Koltun and his colleague David Hafner used computational tools to analyse citation data from millions of articles across four different scientific fields. ‘We collected data with temporal annotations, so we can trace the evolution of a researcher’s h-index over time – we know what the researcher’s h-index was in 2010, 2019, 1998,’ says Koltun. ‘And we did this on the scale of thousands of researchers.’

They then cross-referenced the data against lists of winners of various scientific prizes and inductees to national academies, which Koltun reasons serves as evidence of scientists’ reputation within their community.

‘So we can examine correlation in real time – does the h-index correlate with a reputation at present?’ explains Koltun. ‘But even more interestingly to me, we could ask questions such as, “Does the h-index predict reputation in the future?” Because that’s actually how it’s being used … the most consequential use of these metrics is for making decisions such as whom should we hire?’

Predictive power palls

According to Koltun’s analysis, when the h-index was first created it was reasonably good indicator of who might win future awards. But this ‘predictive power’ started to wane over the years. ‘To the point that now the correlation between rankings induced by the h-index in physics, for example, and rankings induced by awards and recognition by that academic community – the correlation is zero, there is just no correlation,’ says Koltun.

One reason for this is the increasing number of large scientific collaborations, Koltun explains. He points out that hyper-authorship – a growing phenomenon where global research consortia produce papers with thousands of co-authors – enables people to rack up enormous h-indices very quickly.

‘What our data also shows is that the hyper-authors are simply an extreme manifestation of a broader shift in authorship patterns and publication patterns. Generally, people are publishing more, people are co-authoring more, author lists are growing,’ says Koltun. ‘And if you don’t take that into account, what you get is an inflation in the metrics and inflation in the h-indices across the board.’
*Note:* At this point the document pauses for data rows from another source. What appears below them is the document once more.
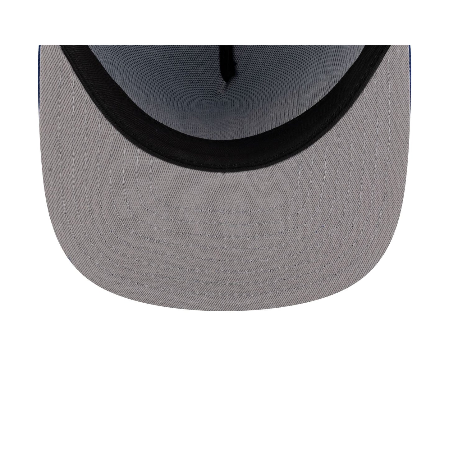 The Just Caps Sky Blue Chicago Cubs 59FIFTY A-Frame Fitted Cap features an embroidered Cubs Cooperstown logo at the front panels with a matching MLB Batterman logo at the rear. Additional details include a Wrigley Field patch at the right-wear side and a gray undervisor.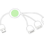 Hub USB 2.0 coloré avec accessoires de couleur assortie. Avec 3 ports USB et une zone circulaire simple pour l’impression. Présenté dans une boîte individuelle noire.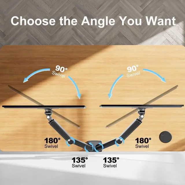Maximize Your Desk Space: Tired of a messy and crowded desktop? Our monitor mounts for 2 monitors can hold your 2 monitors on the monitor arm off the desktop stably, saving valuable space on your desk and making your workstation spacious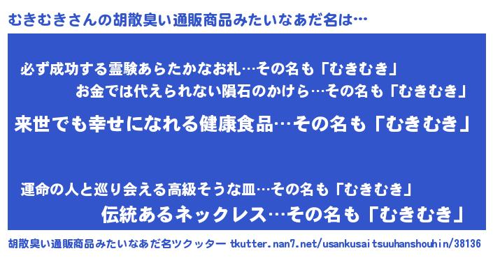 | ヘコむあだ名 | 『むきむき(爆)』『むきっふぃ~』 |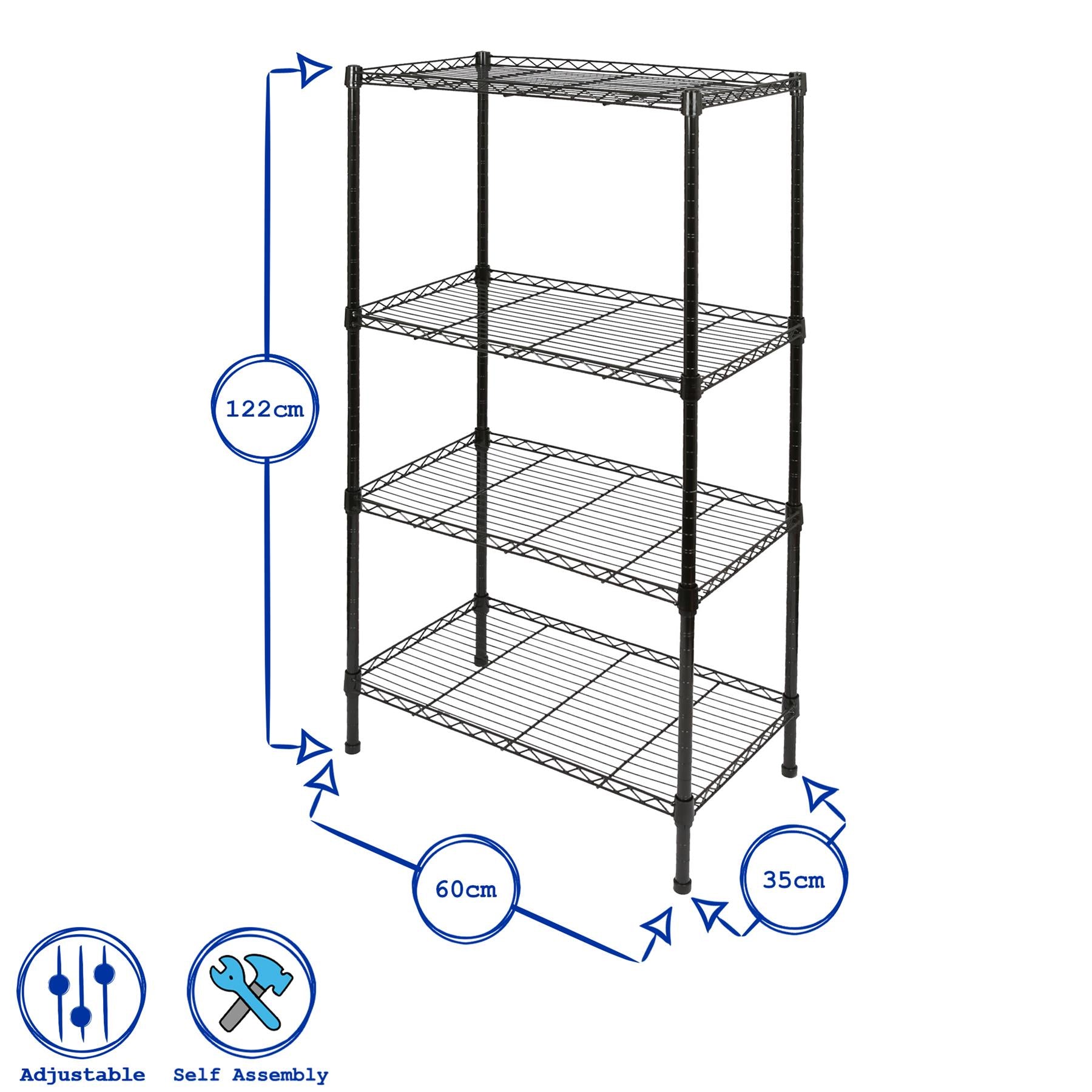 Adjustable Wire Shelving Unit - Black

Koltun and Hafner propose a new metric, the ‘h-frac’, to solve this issue. The h-frac, allocates a proportion of citations to each author, depending on the number of co-authors on a paper. ‘It’s more reliable than the h-index … Even when we go back to 2005 when the h-index was introduced, h-frac was already more reliable, but the gap has widened dramatically because the reliability of the h-index fell off a cliff.’

The h-index and h-frac both seek to determine which researchers have made greatest cumulative contribution to their field over their lifetime. But the Intel team are also keen to see whether similar measures can offer insight into which groups are currently carrying out the most innovative work, or who consistently produce ground-breaking results. In their latest study, currently available before peer review as a pre-print, Koltun and Hafner suggest another metric to address this, the Cap, which assesses how impactful a researcher’s work is relative to their publishing volume.

Since 2005, more than 50 alternative measures to the h-index have been proposed without any receiving practical significance, says Bornmann, who is unconvinced that any new variants will become important indicators. He points out that the Web of Science database recently adopted beamplots – a data visualisation tool that Bornmann’s team helped to develop, which illustrates a researcher’s publication history over time. Clarivate, who maintain Web of Science, hope that such tools will ‘steer us away from reduction to a single-point metric and force us to consider why the citation performance is the way it is’.

Koltun and Hafner acknowledge the calls to abandon simplified citation-based metrics and agree that ideal scenarios would involve in-depth assessment of researchers’ work. But with the use of such measures ‘as widespread as ever’, they argue that there is a need for better metrics. They hope that their findings ‘can inform the science of science and support further quantitative analysis of research, publication, and scientific accomplishment’.